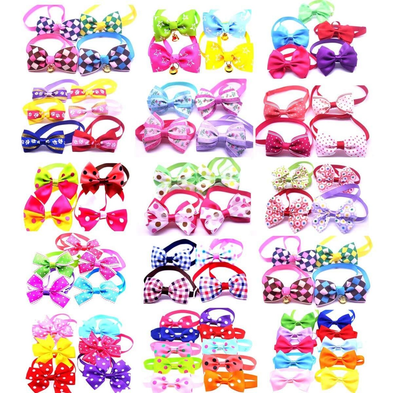 いろいろなデザインで100個セットペットトリミングリボン チョーカー ゴージャスリボン
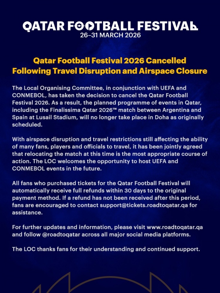 2026年卡塔尔足球节因旅行中断和领空关闭取消
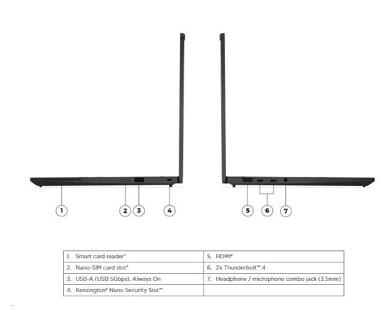 | Standartné porty | 1x USB-A (USB 5Gbps / USB 3.2 Gen 1), Always On 2x USB-C (Thunderbolt™ 4 / USB4 40Gbps), with USB PD 3.0 and DisplayPort™ 2.1 1x HDMI 2.1, up to 4K/60Hz 1x Headphone / microphone combo jack (3.5mm) |
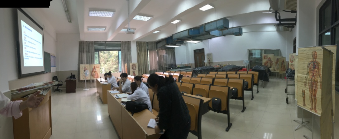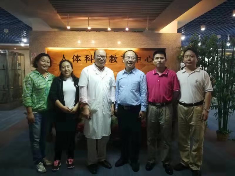 实验楼由七层主楼和一座三层耳楼组成,每个实验室为120 m2,每两个实验室之间有一个60 m2的准备室。每层设置公共实验室。实验室显微镜统一管理,专人维护。病原生物学实验室的准备间的生物安全等级为P3实验室,并设有洗刷室。将解剖楼单独设在耳楼,一楼建有可存放五十具尸体的冰冻尸库、升降式解剖台和局解室;二楼为系统解剖实验室,实验室前排设有排凳,可供30-40学生听课,后排为移动操作台,墙边有移动解剖挂图,三楼为人体科学教育中心,免费对外开放,承担着科普一日游的公益活动。中心研究的塑化保存生物类文物对古尸保存和岭南文化传承具有助益。车院长了解了其主要功能及维护经费来源。
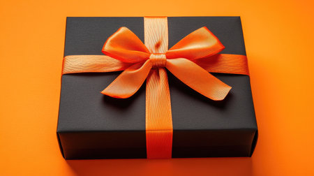 A stylish black gift box adorned with an orange ribbon, perfect for various occasions. This image features vibrant colors and elegant design, ideal for packaging ideas.
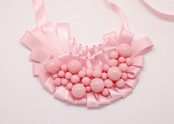 NL-520 صورتی گردنبند یقه منجوق دوزی، مهره پارچه پوشش داده شده صنایع گردنبند
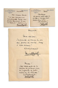 PAGNOL Marcel (1895-1974).— Ensemble d'une L.A.S, de trois cartes autographes signées dont 2 avec entête de la "Société Nouvelle des Films Marcel Pagnol" (sous marie-louise).
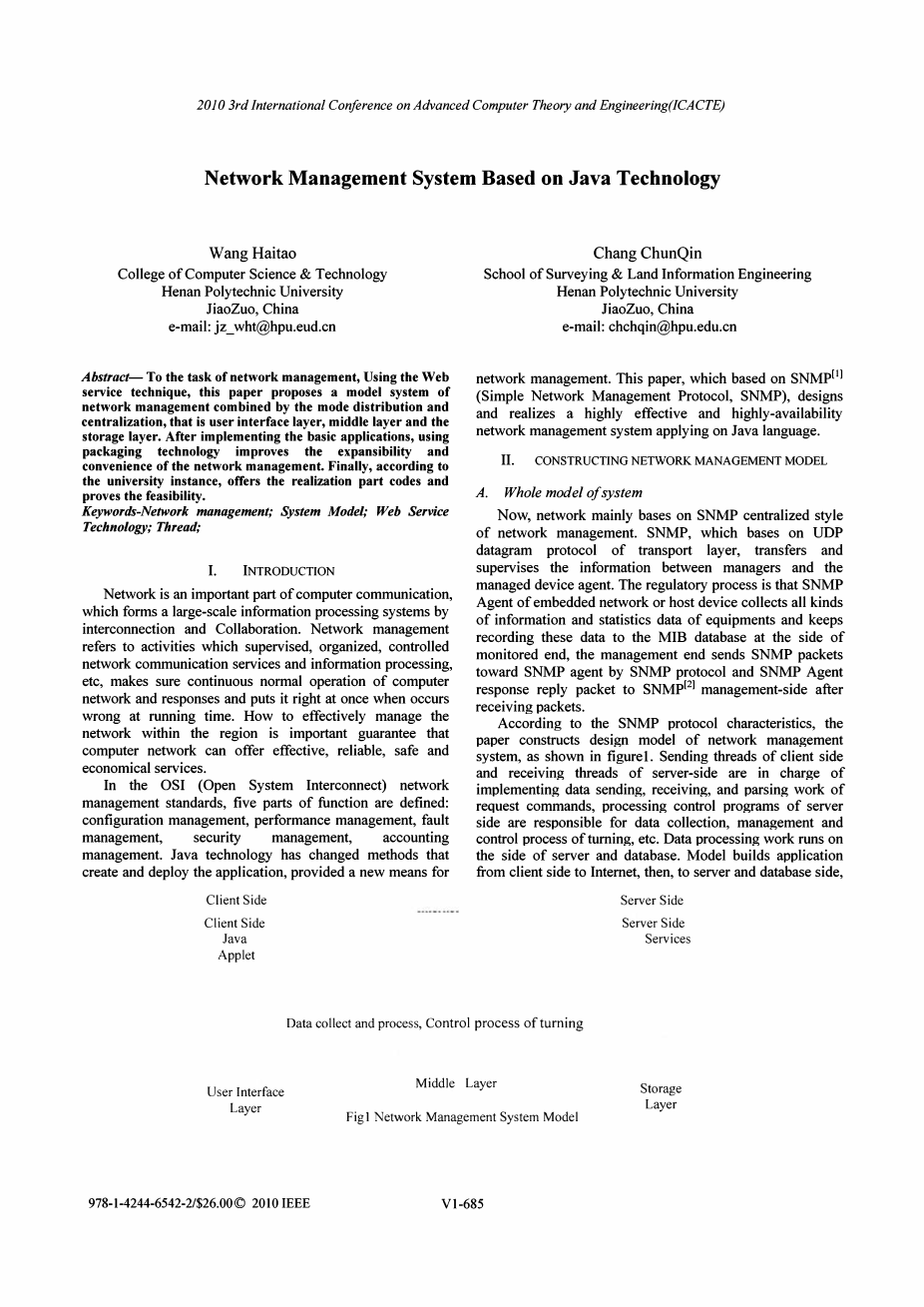关键词 - 网络管理; 系统模型; Web服务技术; 线;
■ ■ ■
* _PROBLEM_:
The answer is the entries above, given again exactly, with no pictures among them.

* _OUTPUT_:
 いろいろなデザインで100個セットペットトリミングリボン チョーカー ゴージャスリボン
 2026年卡塔尔足球节因旅行中断和领空关闭取消
 | Standartné porty | 1x USB-A (USB 5Gbps / USB 3.2 Gen 1), Always On 2x USB-C (Thunderbolt™ 4 / USB4 40Gbps), with USB PD 3.0 and DisplayPort™ 2.1 1x HDMI 2.1, up to 4K/60Hz 1x Headphone / microphone combo jack (3.5mm) |
 实验楼由七层主楼和一座三层耳楼组成,每个实验室为120 m2,每两个实验室之间有一个60 m2的准备室。每层设置公共实验室。实验室显微镜统一管理,专人维护。病原生物学实验室的准备间的生物安全等级为P3实验室,并设有洗刷室。将解剖楼单独设在耳楼,一楼建有可存放五十具尸体的冰冻尸库、升降式解剖台和局解室;二楼为系统解剖实验室,实验室前排设有排凳,可供30-40学生听课,后排为移动操作台,墙边有移动解剖挂图,三楼为人体科学教育中心,免费对外开放,承担着科普一日游的公益活动。中心研究的塑化保存生物类文物对古尸保存和岭南文化传承具有助益。车院长了解了其主要功能及维护经费来源。
 A stylish black gift box adorned with an orange ribbon, perfect for various occasions. This image features vibrant colors and elegant design, ideal for packaging ideas.
 NL-520 صورتی گردنبند یقه منجوق دوزی، مهره پارچه پوشش داده شده صنایع گردنبند
 PAGNOL Marcel (1895-1974).— Ensemble d'une L.A.S, de trois cartes autographes signées dont 2 avec entête de la "Société Nouvelle des Films Marcel Pagnol" (sous marie-louise).
关键词 - 网络管理; 系统模型; Web服务技术; 线;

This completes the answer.